WORK TASK >>
If an entry holds a picture, drop the picture and restate the rest word for word.

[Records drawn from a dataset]
==================================================

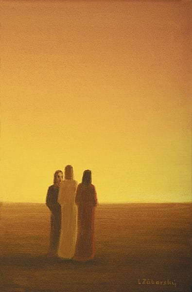 Po svojom vzkriesení sa Ježiš pripojil k dvom mužom z Emauzy, ktorí boli smutní a nešťastní z udalosti Veľkého piatku. Ich srdcia už neočakávali "niečo" nové. Kristus zomrel! Všetky očakávania sa úplne vytratili. Vzápätí na to si všimnú, že Niekto kráča 'za nimi' a potom už ide len 's nimi'. Ten Nikto je Ten, o ktorom celý čas rozjímali. Tu spoznajú, že je to Vzkriesený. Aká veľká radosť byť so živým Pánom.
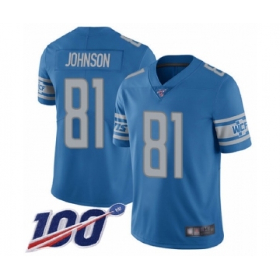 >Men's Detroit Lions #81 Calvin Johnson Blue Team Color Vapor Untouchable Limited Player 100th Season Football Jersey
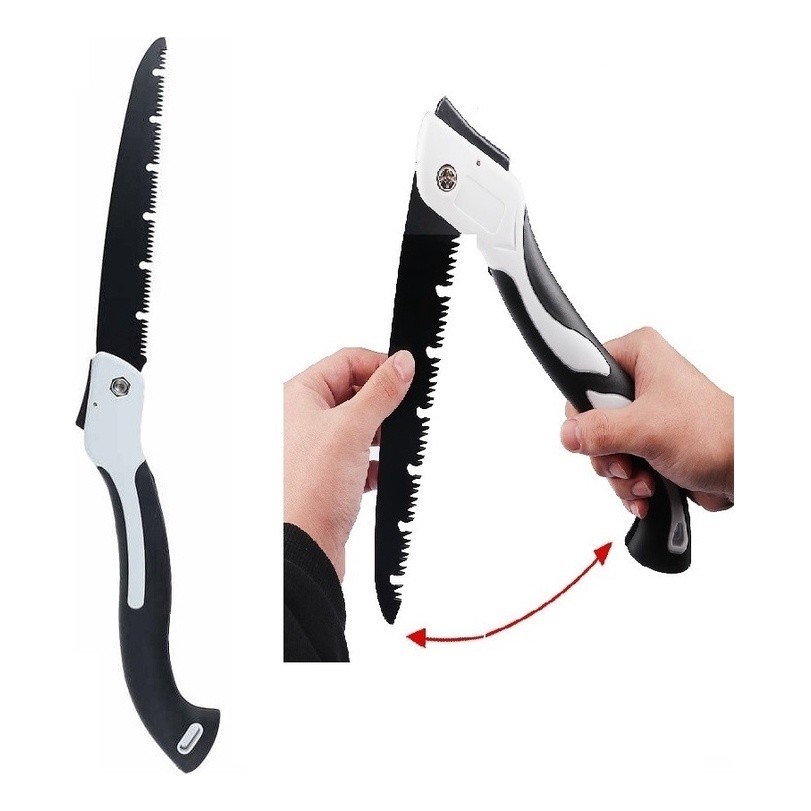 Serra Dobrável para Poda de Galhos com Serra de 31 cm PRONTA ENTREGA Eficiência e durabilidade! Esse serrote dobrável é próprio para realização de podas com cortes agressivos de plantas e árvores de pequeno e médio porte. Prático e seguro, facilmente transportado para áreas de mata para realização de atividades mateiras e brushcraft. A Serra Articulável é feita com material de Aço duro, produto de excelente qualidade, seus dentes já vem afiados pronto para o trabalho duro. Características Técnicas do Produto: Material: Aço especial Tamanho Total: 60 cm Tamanho da serra fechada: 39 cm Tamanho da Lamina: 31 cm Material do Cabo: Plástico emborrachado. Outras Características: 1. Três superfícies de corte para cortar até 50% mais rápido do que as serras manuais tradicionais. 2. Feito de lâmina de aço 65mn totalmente endurecido e tpr aperto de conforto 3. As dobras da lâmina no punho são emborrachadas, para o armazenamento e o fácil e seguro transporte. 4. Trava de Segurança - Apenas ao apertar a trava a Lamina é Liberada para a posição de uso. 5. Ideal para jardinagem, poda, aparar, serrar, acampar, caminhadas, Brushcraft, caça e corte de madeira, osso e muito mais. Todos os nossos produtos são novos, acompanham nota fiscal, que é enviada juntamente com a sua compra / via sistema do ML. Acompanha o produto: - Serra Dobrável - Nota Fiscal
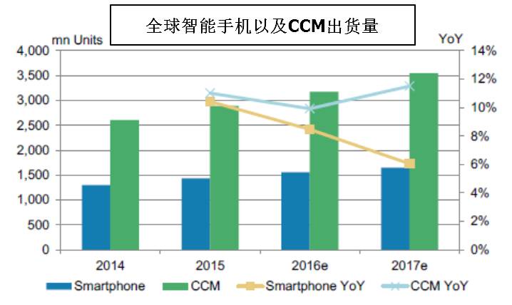 对于整个手机摄像头模块,除了纯粹的镜头外,还需要考虑的就是感应器和摄像头模组(CCM)的市场需求。
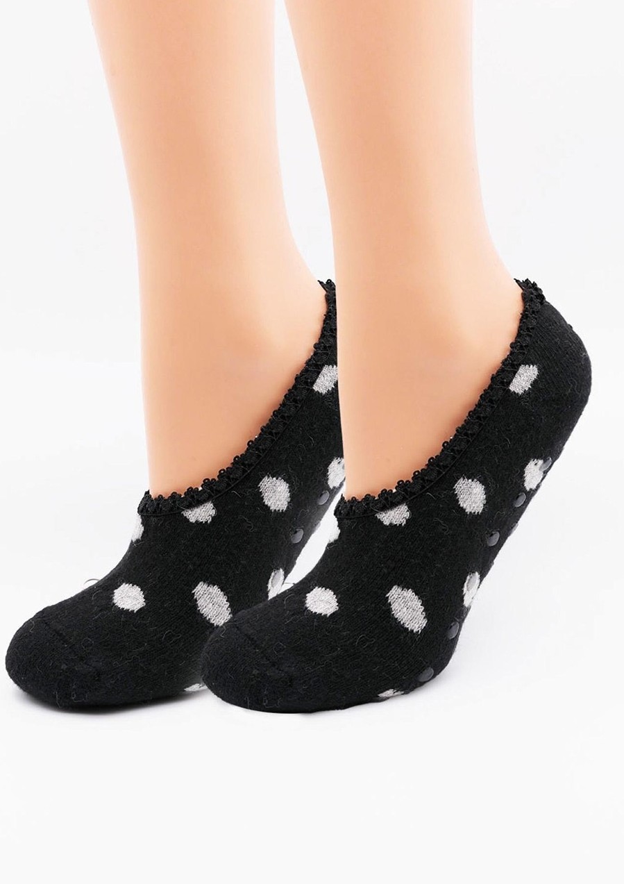 Короткі шкарпетки з ангори та суміші вовни, прикрашені яскравим горошок. Підошви мають нековзні вставки для додаткового комфорту та безпеки. Склад: 60% поліестер, 23% акрил, 7% віскоза, 3% ангора, 2% еластан.

==================================================

RESULT OF THE EXERCISE >>
 Po svojom vzkriesení sa Ježiš pripojil k dvom mužom z Emauzy, ktorí boli smutní a nešťastní z udalosti Veľkého piatku. Ich srdcia už neočakávali "niečo" nové. Kristus zomrel! Všetky očakávania sa úplne vytratili. Vzápätí na to si všimnú, že Niekto kráča 'za nimi' a potom už ide len 's nimi'. Ten Nikto je Ten, o ktorom celý čas rozjímali. Tu spoznajú, že je to Vzkriesený. Aká veľká radosť byť so živým Pánom.
 >Men's Detroit Lions #81 Calvin Johnson Blue Team Color Vapor Untouchable Limited Player 100th Season Football Jersey
 Serra Dobrável para Poda de Galhos com Serra de 31 cm PRONTA ENTREGA Eficiência e durabilidade! Esse serrote dobrável é próprio para realização de podas com cortes agressivos de plantas e árvores de pequeno e médio porte. Prático e seguro, facilmente transportado para áreas de mata para realização de atividades mateiras e brushcraft. A Serra Articulável é feita com material de Aço duro, produto de excelente qualidade, seus dentes já vem afiados pronto para o trabalho duro. Características Técnicas do Produto: Material: Aço especial Tamanho Total: 60 cm Tamanho da serra fechada: 39 cm Tamanho da Lamina: 31 cm Material do Cabo: Plástico emborrachado. Outras Características: 1. Três superfícies de corte para cortar até 50% mais rápido do que as serras manuais tradicionais. 2. Feito de lâmina de aço 65mn totalmente endurecido e tpr aperto de conforto 3. As dobras da lâmina no punho são emborrachadas, para o armazenamento e o fácil e seguro transporte. 4. Trava de Segurança - Apenas ao apertar a trava a Lamina é Liberada para a posição de uso. 5. Ideal para jardinagem, poda, aparar, serrar, acampar, caminhadas, Brushcraft, caça e corte de madeira, osso e muito mais. Todos os nossos produtos são novos, acompanham nota fiscal, que é enviada juntamente com a sua compra / via sistema do ML. Acompanha o produto: - Serra Dobrável - Nota Fiscal
 对于整个手机摄像头模块,除了纯粹的镜头外,还需要考虑的就是感应器和摄像头模组(CCM)的市场需求。
 Короткі шкарпетки з ангори та суміші вовни, прикрашені яскравим горошок. Підошви мають нековзні вставки для додаткового комфорту та безпеки. Склад: 60% поліестер, 23% акрил, 7% віскоза, 3% ангора, 2% еластан.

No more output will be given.